[The History of England in Three Volumes, Vol.I., Part D. by David Hume]@TWC D-Link bookThe History of England in Three Volumes, Vol.I., Part D. CHAPTER XL 48/95
The young duke of Anjou, brother to the king, commanded the forces of the Catholics; and fought in 1569, a great battle at Jarnac with the Hugonots, where the prince of Conde was killed, and his army defeated.
This discomfiture, with the loss of so great a leader, reduced not the Hugonots to despair. The admiral still supported the cause; and having placed at the head of the Protestants the prince of Navarre, then sixteen years of age, and the young prince of Conde, he encouraged the party rather to perish bravely in the field, than ignominiously by the hands of the executioner.
He collected such numbers, so determined to endure every extremity, that he was enabled to make head against the duke of Anjou; and being strengthened by a new reenforcement of Germans, he obliged that prince to retreat and to divide his forces.
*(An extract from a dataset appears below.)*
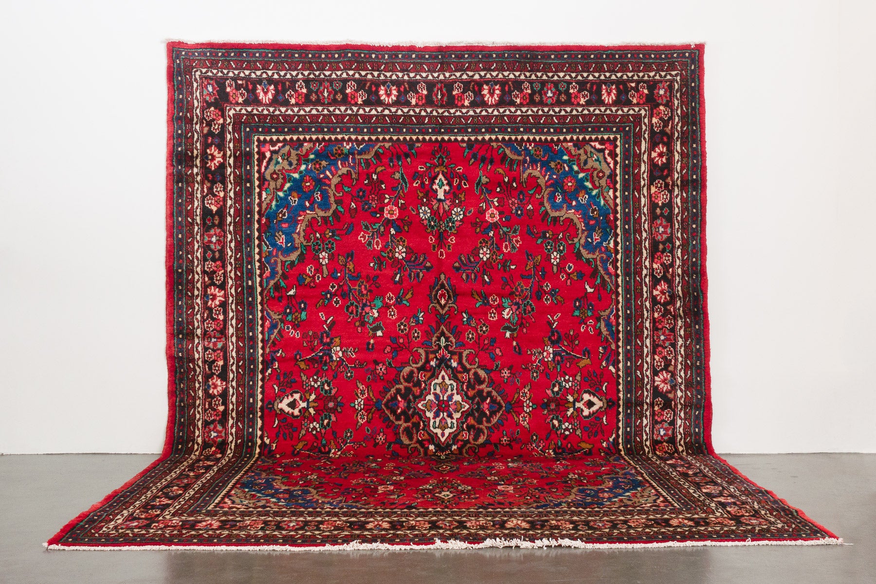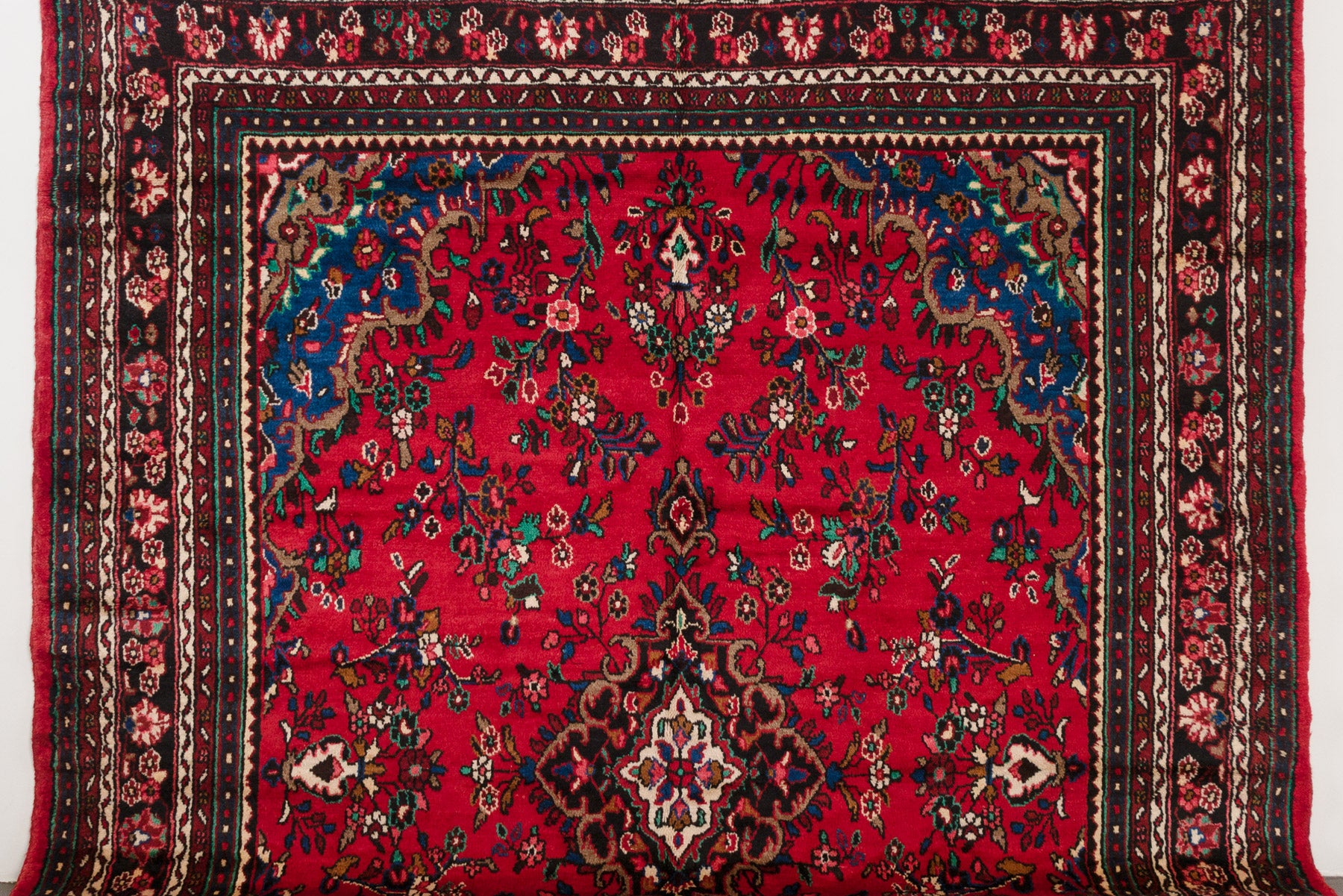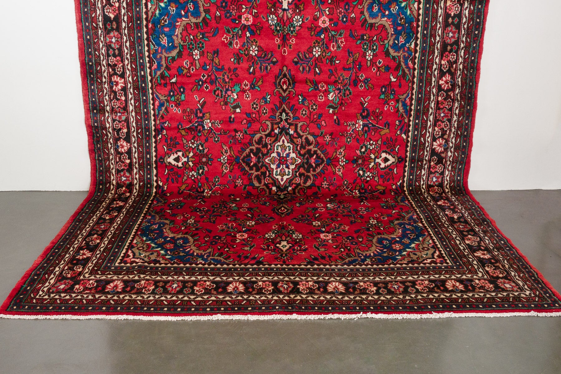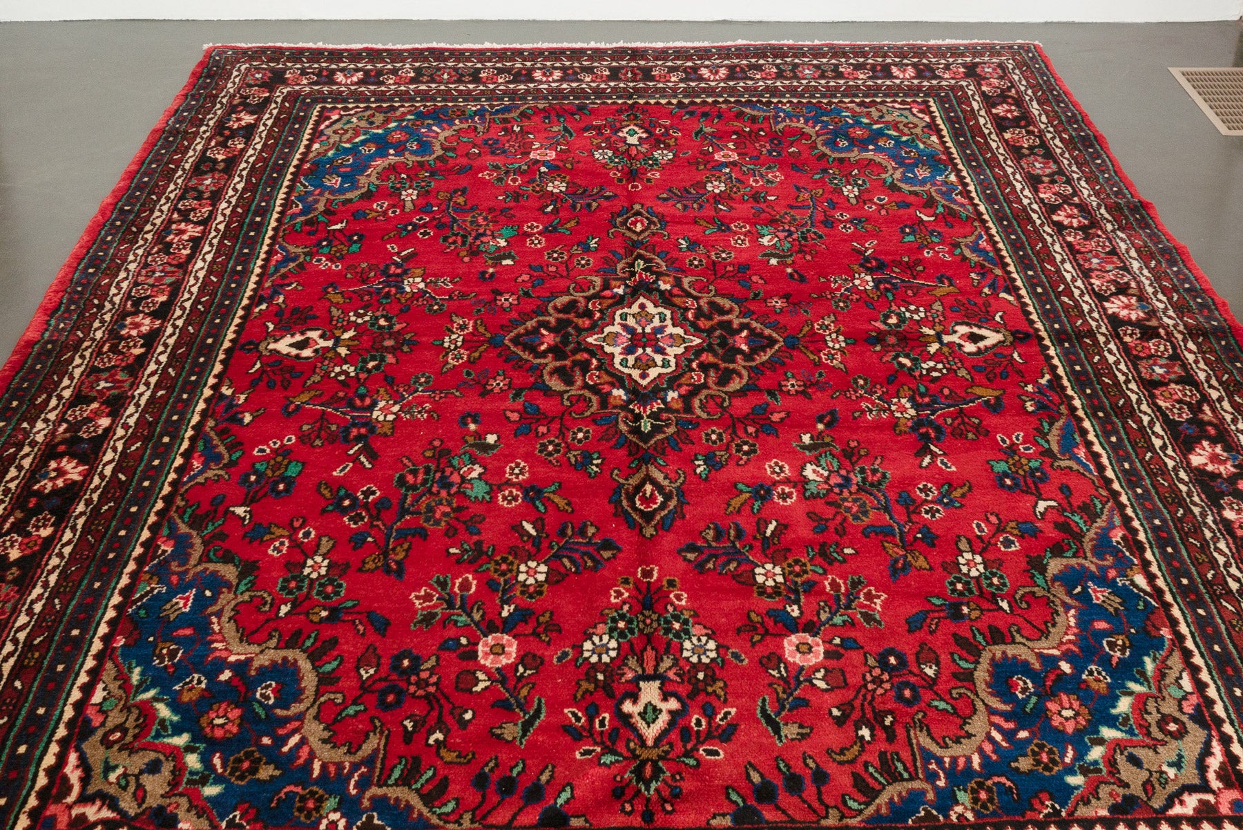 name: Amjadorigin: Iran (Persian), Hamedanstyle: rug, carpetmaterial: hand knotted woolcolors: reds, blues, brown, green, pink, orange, black, creamage: vintage, 1960-1970condition: good, age related wear - see picturesappraised value: $4,800

Coligny then laid siege to Poietiers; and as the eyes of all France were fixed on this enterprise, the duke of Guise, emulous of the renown which his father had acquired by the defence of Metz, threw himself into the place, and so animated the garrison by his valor and conduct, that the admiral was obliged to raise the siege.
Such was the commencement of that unrivalled fame and grandeur afterwards attained by this duke of Guise.
The attachment which all the Catholics had borne to his father, was immediately transferred to the son; and men pleased themselves in comparing all the great and shining qualities which seemed, in a manner, hereditary in that family.